Though the studio didn’t find the female writer they’d hoped for, they need to have discovered a talent in Jacobs, as this is an overwhelming project for a feature debut. No film this big has been made about three female rock personalities, so the stakes are high to get it right -- not to mention the logistics of buying all the rights to their music. Maybe this will be the “women can rock” movie that was expected from last year’s banal “The Runaways.” Even though it might be a while before we hear news again, we’re waiting with bated breath to hear casting decisions for these three iconic and lovely women. Check out the synopsis of the book that serves as the source material below:
The epic story of three generational icons, this triple biography from author and Glamour senior editor Weller (Dancing at Ciro’s) examines the careers of singer-songwriters Carole King, Joni Mitchell and Carly Simon, whose success reflected, enervated and shaped the feminist movement that grew up with them.
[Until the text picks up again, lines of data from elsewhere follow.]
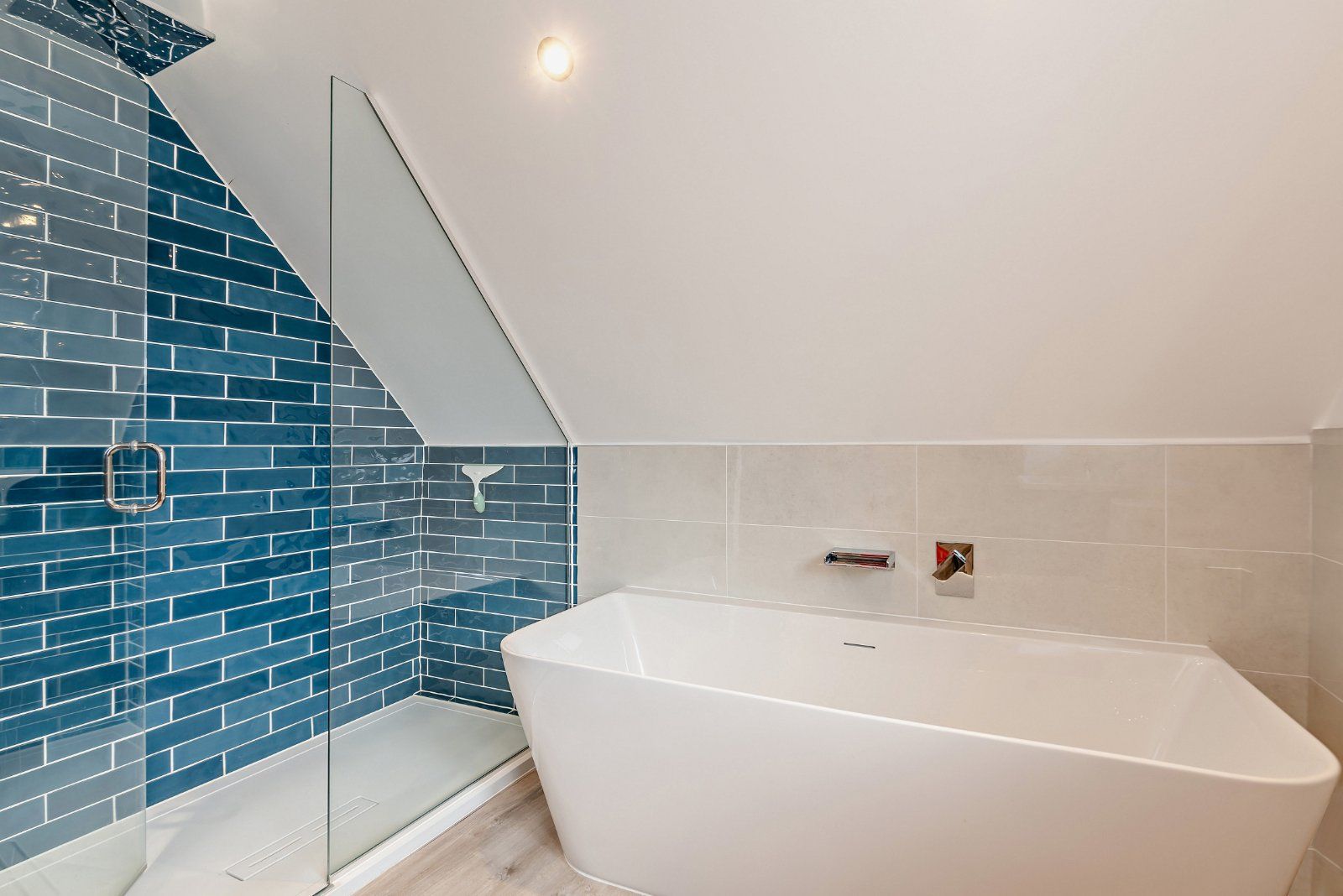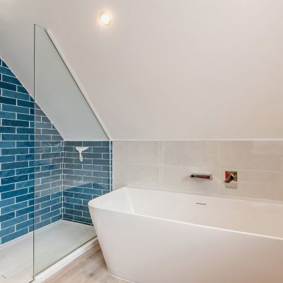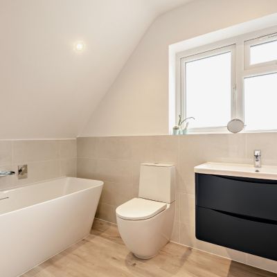 Stairs rise from the reception hall to a generous first floor landing. It gives access to a triple aspect principal bedroom and two further double bedrooms, together with a contemporary part-vaulted family bathroom with bath and separate shower enclosure.
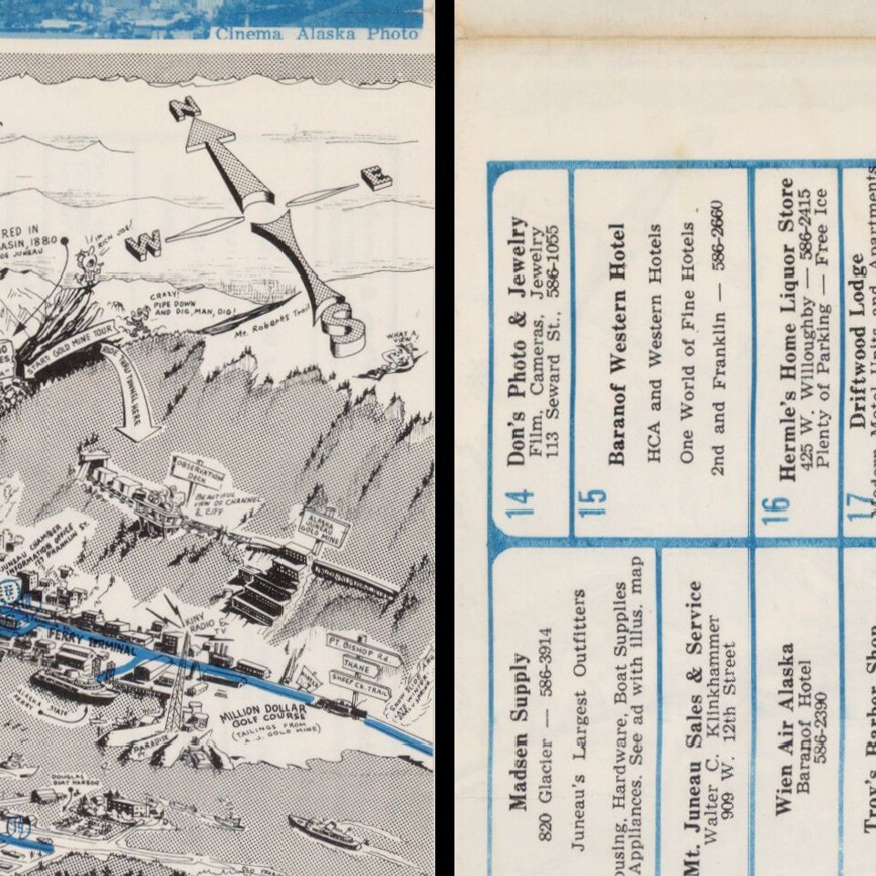 Decorative and detailed view of Juneau Alaska by Alaskan Artist Rudy J. Ripley, with a map of Juneau, local advertising and promotional information.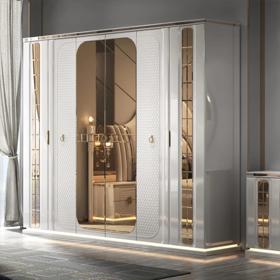 Feature Details Appearance Modern Luxury Brand Name SSS Home Needs Model Name 8862 Customizable or not Yes – Size, Color, Material Details of Installation Simple assembly required; installation service available Main Material Wooden MDF, Fabric, Metal, Glass, Leather Bed Type King/Full size bed with fan-shaped upholstered leather headboard Additional Features Storage, Glass mirrors, LED lights Dresser Dressing table with mirror & drawers Bedside Units 2 nightstands included Style Positioning Modern, Minimalist, Luxury Function Bedroom set (bed + dresser + nightstands) Origin Guangdong, China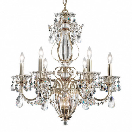 Люстра из коллекции Bagatelle. Плафон из прозрачного хрусталя. Цвет арматуры - серебряный, прозрачные подвески с кристаллами Heritage Handcut. Есть возможность регулировать высоту люстры за счет звеньев цепи. Количество лампочек: 6. Мощность: 6 x 40 Вт. Тип лампы: Накаливания, E27. Вес: 5.9 кг.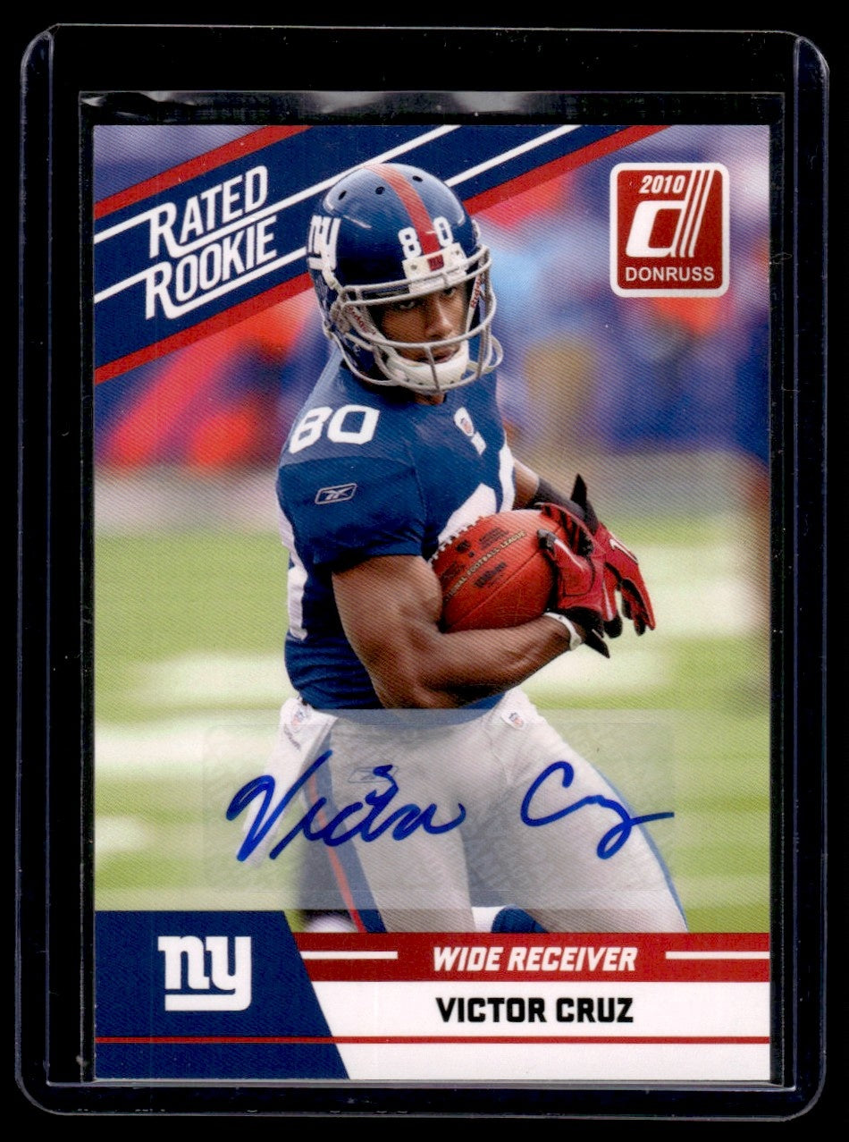 Dive into the thrilling world of sports card collecting with this spectacular 2010 Donruss Rated Rookie card, featuring the dynamic Victor Cruz of the New York Giants. Manufactured by the renowned Panini, this card is a gem, showcasing Cruz, a stand-out player in the NFL, in his rookie year.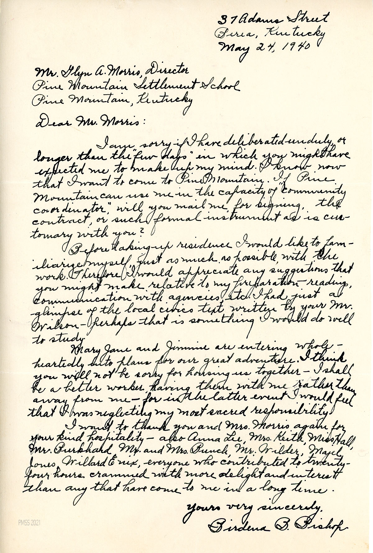 [007] May 24, 1940. To Morris from Bishop, accepting the Pine Mountain position of community coordinator. She asks for suggestions concerning preparation for the work; appreciates being housed with her children; thanks Mr. and Mrs. Morris for their hospitality — also Anna Lee, Mrs. [Alice Joy] Keith, Miss [Fern] Hall, Mr. [Fred J.] Burkhard, Mr. and Mrs. Bunch, Mr. [Brit] Wilder, Majel Jones, Willard Enix, “everyone who contributed to twenty-four hours crammed with more delight and interest than any that have come to me in a long time.”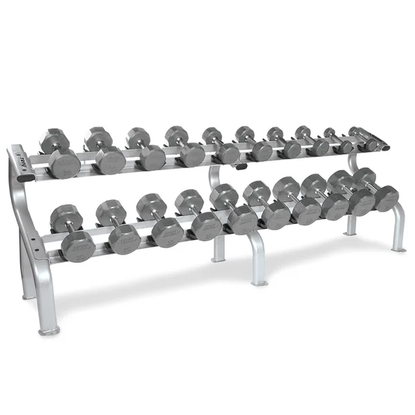 Each dumbbell set comes with a rack that ensures complete organization of every weight. Molded-in weight indicators on each dumbbell allow for easy identification and never rub off. Rack holds up to 10 pairs of dumbbells with a 2,100 lb weight capacity and is (90″L x 22″W x 31″H; 137 lb).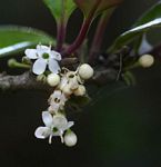 Medium sized evergreen tree. Leaves alternate, elliptic to lanceolate, dark green; margin entire or with scattered teeth in the apical half. Young branchlets and leaves distinctly purple tinged. Flowers in small dense axillary clusters, white, unisexual, sexes on different trees. Fruit a shiny round berry, red when ripe. |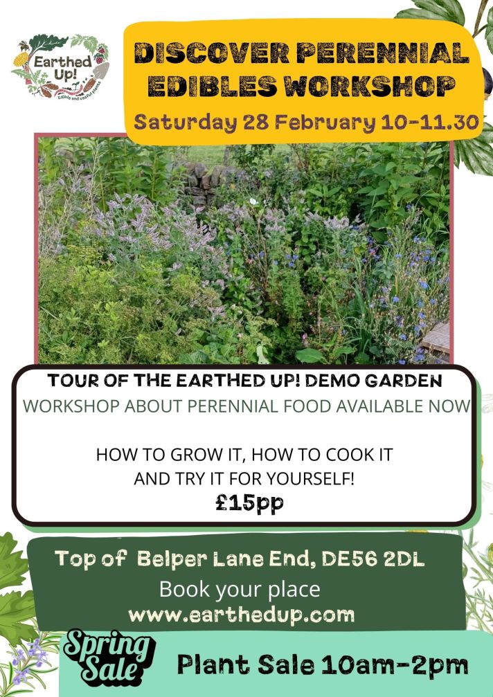 The discover perennial edibles workshop series helps you get to know what plants are abundant at different times of the year. We run them through the year, touring our diverse small garden, designed to inspire you and show the plants we grow in a natural form. The workshop leader is an experienced member of the Earthed Up! team.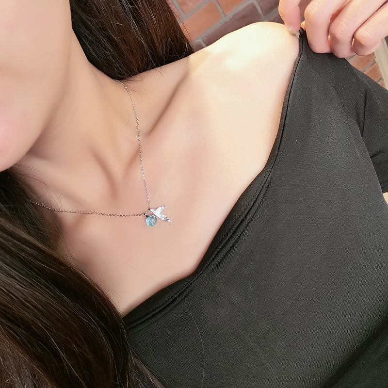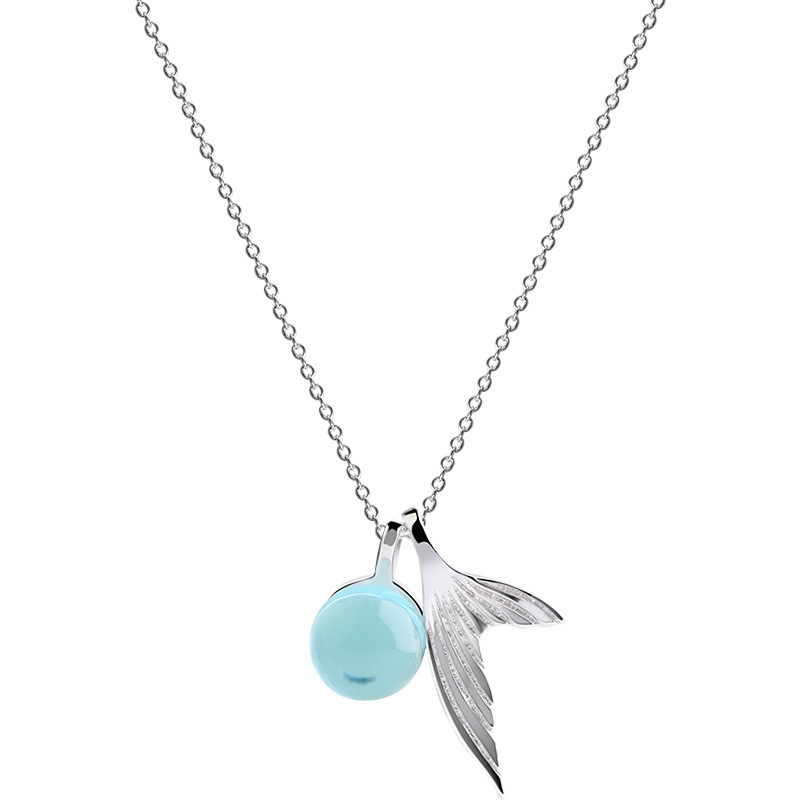 Mermaid Whale Tail Ear Needle 925 Sterling Silver Synthetic Blue Crystal Diver Personality Jewelry Ocean Necklace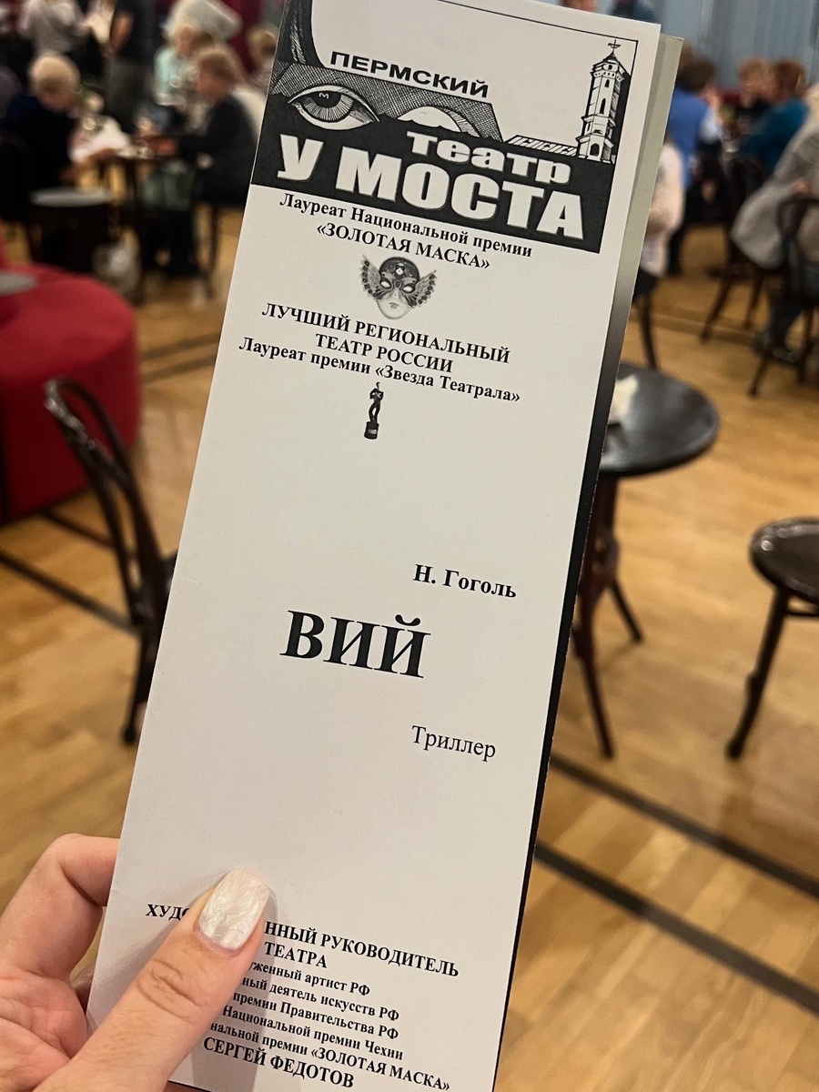 Спектакль «Вий» от Пермского театра «У Моста» я хотела посмотреть давно и вот моя мечта сбылась!!! Я зашла в зрительный зал и погрузилась в атмосферу хутора, ещё не видя икон на заднике, ощутила запах ладана…. А, когда Хома зажигал свечи (не настоящие, конечно), по воздуху потёк запах спичек… Из таких, казалось бы «мелочей» создаётся кружево постановки. Стопроцентное погружение в материал… Сейчас будет шок!!! «Вия» репетировали в заброшенной церкви!!! Ночью!!!! На кладбище!!!! Ууууууууууууууууууу….. Только так, по мнению главного режиссера театра, достигается успех у зрителей с безоговорочным аншлагом! Классическая классика, мистическая мистика от Федотова по Гоголю. Ни слова от себя! Никакого постмодернизма! Поэтому пересказывать сюжет не имеет смысла). Всё точно как в «Миргороде»! Игры актёров не видно - они живут на сцене! Просто из начала 19-го века к нам на сцену «Театра на Страстном» телепортировали настоящих казаков (Владимир Ильин, Илья Бабошин, Виталий Швец) и бу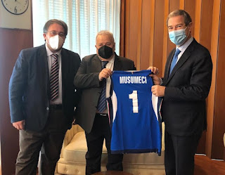 Il presidente della Regione Nello Musumeci ha incontrato al PalaRegione di Catania il presidente della Federazione italiana di pallavolo Giuseppe Manfredi, accompagnato dal consigliere nazionale della stessa Federazione Davide Anzalone e dal responsabile territoriale per i rapporti istituzionali Giuseppe Leanza. Durante il cordiale colloquio si è discusso, oltre che dei temi riguardanti l’impiantistica sportiva in Sicilia, anche della possibilità di organizzare, il prossimo anno nell’Isola, alcuni eventi a carattere nazionale e internazionale. Una scelta dovuta pure alla grande risonanza mediatica e turistica che il volley sta riscuotendo, non soltanto tra gli appassionati, dopo i successi delle due nazionali maggiori laureatesi campioni d'Europa. Alla fine dell'incontro, Manfredi ha donato a Musumeci la maglia della nazionale campione d'Europa, personalizzata con il suo nome.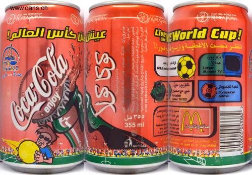 C SAA 2002 FIFA WORLD CUP DEKOREA JAPAN 1999 FIFA WORLD CUP KOREA JAPAN عيشين كأس العالم Jeddah 23 جدة 000 غيرا FIFA TM 1999 2002 FIFA WORLD KOREA JAPAN 1999 2002 FIFA WORLD CUP KOREA JAPAN Live World Cup! the the انظر تحت الأغطية واربع ني نوراً. تلفزيون عملاق كرة ذهب اذهب GOLD foot football Lore Screen TV وکاکو علامة تجارية مسجلة مشروبات غازية تحتوى على ماء غانی سك لون 34 طبية انظر أسفل العلبة. الكراميل - العربية السعودية تاريخ الإنتاج وتاريخ إنتهاء الصلاحية شركة كوكاكولا السعودية لتعبئة المرطبات، الدمام، المملكة كافيين. تمت التعبئة بترخيص من شركة كوكاكولا بواسطة ©1999 THE COCA-COLA COMPANY Coca-Cola enjoy G Trademark Regd. تلفزيون ملون سي دي محمول Portable Col Colour TV/OD O ٣٥٥مل 355 ml RECYCLABLE استبدل في نضارة الى غطاء واحصل على خصم لم اسم على وجبة من 3 وجبات منه بنات صغيرة Redeem any any closure and get at 50% off 1 of 3 small small meals M ماكدونالدز ببدأ الاستبدال من ٣ صفر إلى ۲۱ جمادى الأولى " Red Redemption: 15 April to 31 July 2002 الحان وادام مادارا دا اعلان لعبة كمبيوتر Computer Game 00006777 5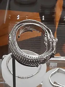 In October 2013, it was announced that the hoard had been purchased by Lancashire County Museum Service with the assistance of grants of £45,000 from the National Heritage Memorial Fund and £33,000 from the National Art Fund. It formed the basis of a display "The Silverdale Hoard: the Story So Far" in Lancaster City Museum from 25 October to 21 December 2013, which attracted record visitor numbers to the museum.[12] It was subsequently moved to the Museum of Lancashire, Preston, being displayed from 15 February to 7 December 2014. It was then to be the subject of further research and conservation work.[13][14][15] The Museum of Lancashire closed on 30 September 2016, although remaining open for pre-booked school groups.[16]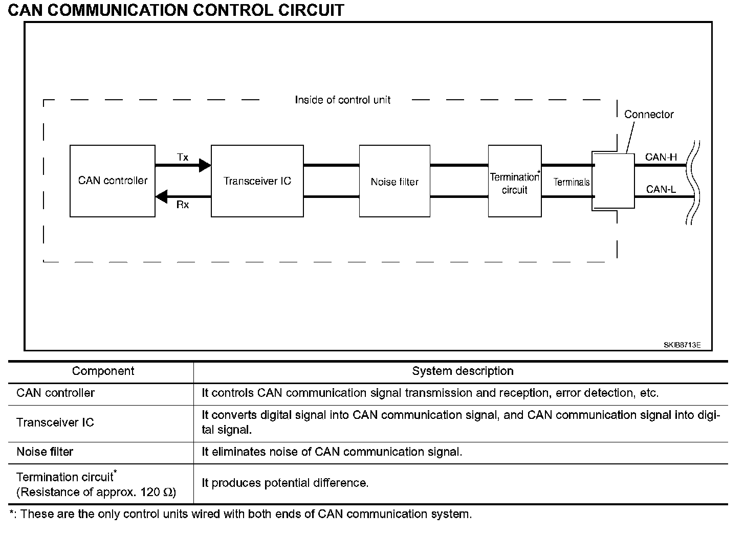 Each control unit passes an electric current to the termination circuits when transmitting CAN communication signal. The termination circuits produce an electrical potential difference between CAN-H and CAN-L. CAN communication system transmits and receives CAN communication signals by the potential difference.

After short sketches of their early years, Weller begins in earnest with the 1960s, switching off among the women as their public lives begin. A time of extremes, the 60s found folk music and feminist cultures just beginning to define themselves, while the buttoned-down mainstream was still treating unwed pregnant women, in Mitchell’s terms, like you murdered somebody (thus the big, traditional wedding thrown for King, pregnant by songwriting partner Gerry Goffin, in 1959). Pioneering success in the music business led inevitably to similar roles in women’s movement, but Weller doesn’t overlook the content of their songs and the effect they have on a generation of women facing a lot more choice, but with no one to guide them. Taking readers in-depth through the late 80s, Weller brings the story up to date with a short but satisfying roundup. A must-read for any fan of these artists, this bio will prove an absorbing, eye-opening tour of rock (and American) history for anyone who’s appreciated a female musician in the past thirty years.